Since its opening in 1979, University Hospital in Newark has evolved into a healthcare facility serving large numbers of Newark residents , including more than 83,000 emergency room visits and nearly 16,000 in-person stays in 2002 alone.

However, the installation has not grown a bit.

On Wednesday morning in Newark, Lt. Gov. Sheila Oliver, the executive director of Shereef Elnahal University Hospital and a host of other area and health care officials will argue that the state must approve a $ 500,000 budget line that will produce a study examining the need for a new facility.

Shereef Elnahal. (File photo)

Elnahal said the study is justified, as is a new installation.

Elnahal said the 519-bed hospital is struggling to meet the growing needs of the community it serves. In addition to emergency room visits and in-person stays, the facility had just under 200,000 outpatient clinic visits and delivered 1,318 babies last year.

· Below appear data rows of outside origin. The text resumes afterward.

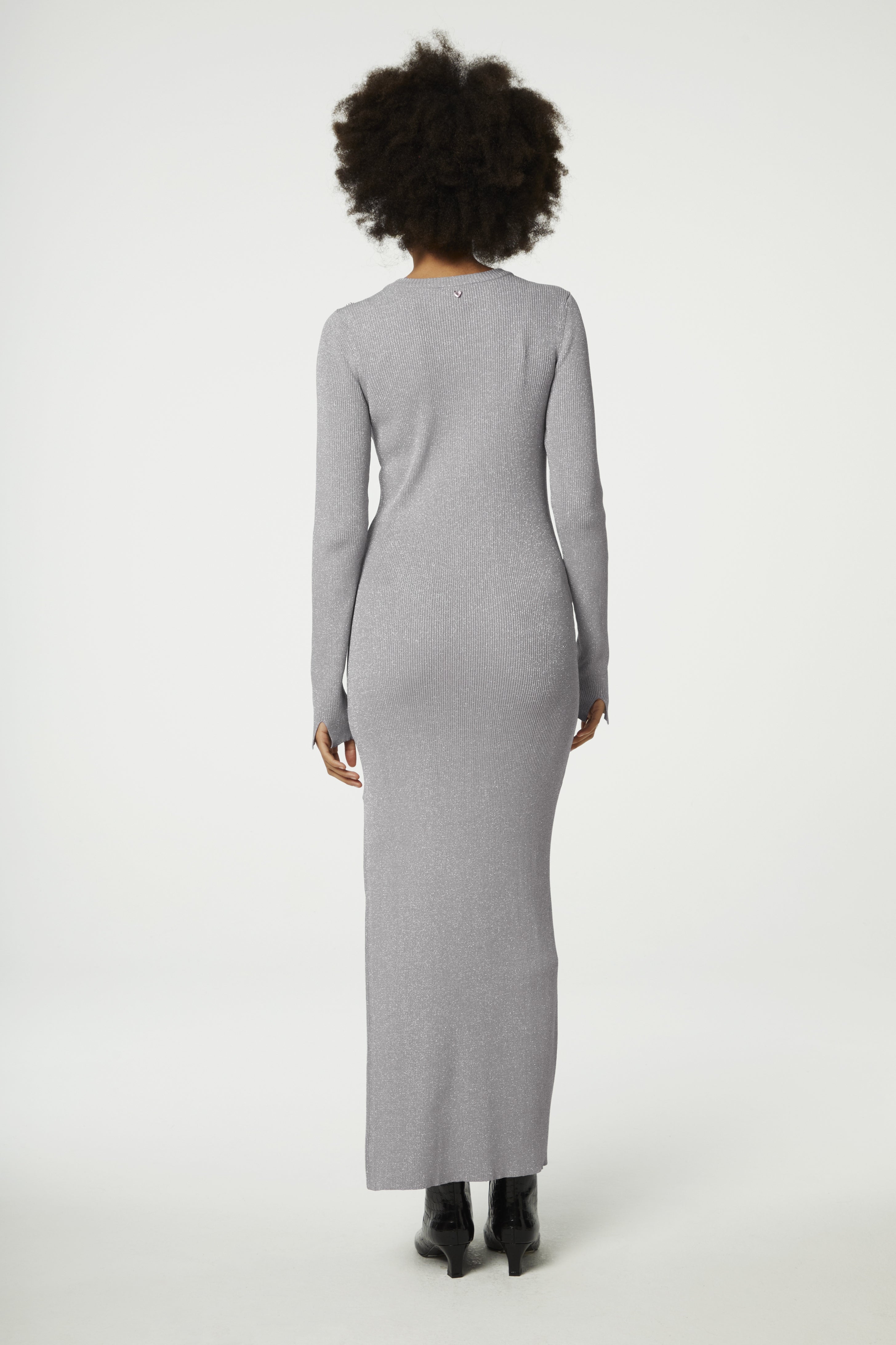 Dieses graue Damenmaxikleid hat eine figurbetonte Passform, lange Ärmel und drei silberne Knöpfe an der linken Schulter. Hergestellt aus Viskose und Nylon, ist es das perfekte lange Kleid – eine essentielle Ergänzung für Ihre Garderobe.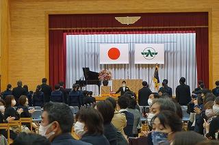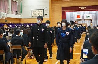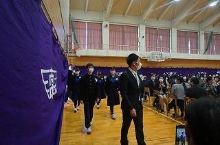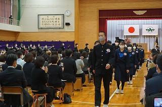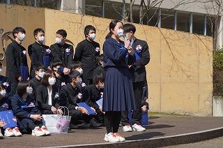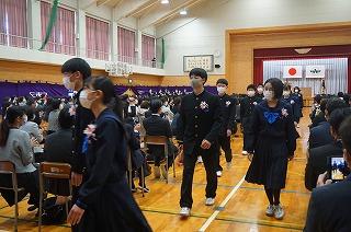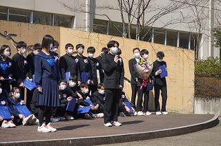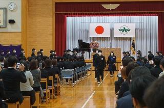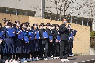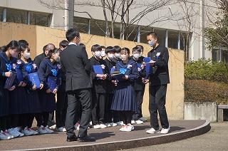 午前9時30分より、津幡町教育委員会教育委員の山本祝男様、越村崇様と本校PTA会長の森博幸様をご来賓としてお迎えし、第23回卒業証書授与式を開催しました。3年生167名と保護者2名以内の参加と規模を縮小し、式次第も割愛しましたが、卒業証書は永井校長先生から卒業生一人ひとりに授与しました。在校生代表の送辞は2年生の青木日葵さんが述べ、答辞は3年5組の上村優依さんが3年間の思い出を振り返りながら見事に務めました。90分の式を終えた卒業生は各クラスで学級担任の先生と別れ、学校中庭のステージで記念写真をとり、巣立ちました。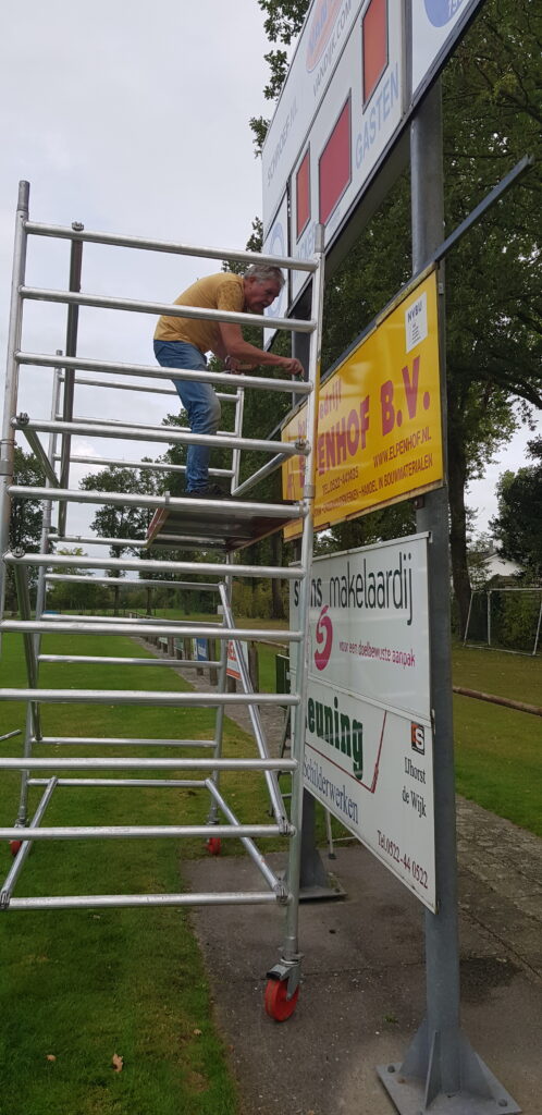 Nu de competitie is gestart moet het scorebord bij Wacker er ook goed uitzien. De vrijwilligers van Wacker zijn weer druk bezig om alles tot in de puntjes goed te krijgen wat de aanblik van de accommodatie zeer ten goede komt; zo ook het scorebord. De voorbereiding voor het aanbrengen van de borden voor het sponsorcollectief vv Wacker die hierop straks te zien zal zijn, is in volle gang gezet.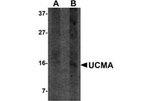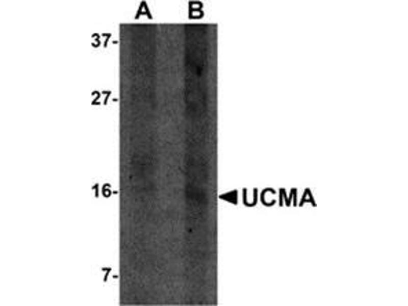 UCMA is a secreted cartilage-specific protein that was discovered in a screen for differentially expressed genes in retinoic acid-treated mouse chondrocytes. It was also identified in a human chondrocyte EST screen for candidate genes of skeletal dysplasias. UCMA expression is thought to parallel that of collagen II with its expression decreasing with maturation chrondrocytes mature. UCMA is processed by a furin-like protease into two fragments, an amino-terminal fragment and a carboxy-terminal fragment (UCMA-C). Application of recombinant UCMA-C to primary osteoblasts, mesenchymal stem cells, and MC3T3-E1 pre-osteoblasts interferes with their osteogenic differentiation, but does not affect expression of chondrocyte-specific genes or chondrocyte proliferation, suggesting that UCMA may be involved in the negative control of osteogenic differentiation of osteochondrogenic precursor cells. At least two isoforms of UCMA are known to exist.Synonyms: C10orf49, Unique cartilage matrix-associated protein

As a Level 1 Trauma Center for Northern New Jersey, Elnahal said the institution would benefit from an expanded capacity to provide comprehensive care for critically injured and life-threatening individuals. And a new University Hospital facility would also allow the institution to better fulfill its mission as the premier teaching hospital for Rutgers New Jersey School of Medicine, allowing it to be a regional resource for advanced services in many medical specialties, he said.

"Since the Newark Accords were signed, the University Hospital has been delivering for Newark and Essex counties first and foremost," Elnahal said. “With our community's growing primary care needs, lessons learned from the COVID-19 pandemic, an incipient post-pandemic mental health crisis, and the community's demand for more comprehensive and specialized care, our current facilities are poised. to explode.

"A new and modern facility will allow us to meet and exceed these needs, in our quest to build a modern and thriving biomedical campus."

It is estimated that the facility is already facing a significant capital investment need – in the range of nearly $ 250 million over five years – that will not produce any tangible improvement in facilities or health outcomes.

Elnahal said that any money spent should make a difference.

"We have also proven to be worthy of these investments," he said. "With remarkable improvements in quality, financial performance, regulatory compliance, and near-universal achievement of all tasks assigned to us in the 2018 Governor's Monitor Report, we are poised to design and execute on a new campus for the community we serve. "

Oliver and Elnahal will be joined by Rutgers Chancellor for Biomedical and Health Sciences Brian Strom, Newark Mayor Ras Baraka, Essex County Executive Joseph DiVincenzo Jr., and State Senator Teresa Ruiz (D-Newark).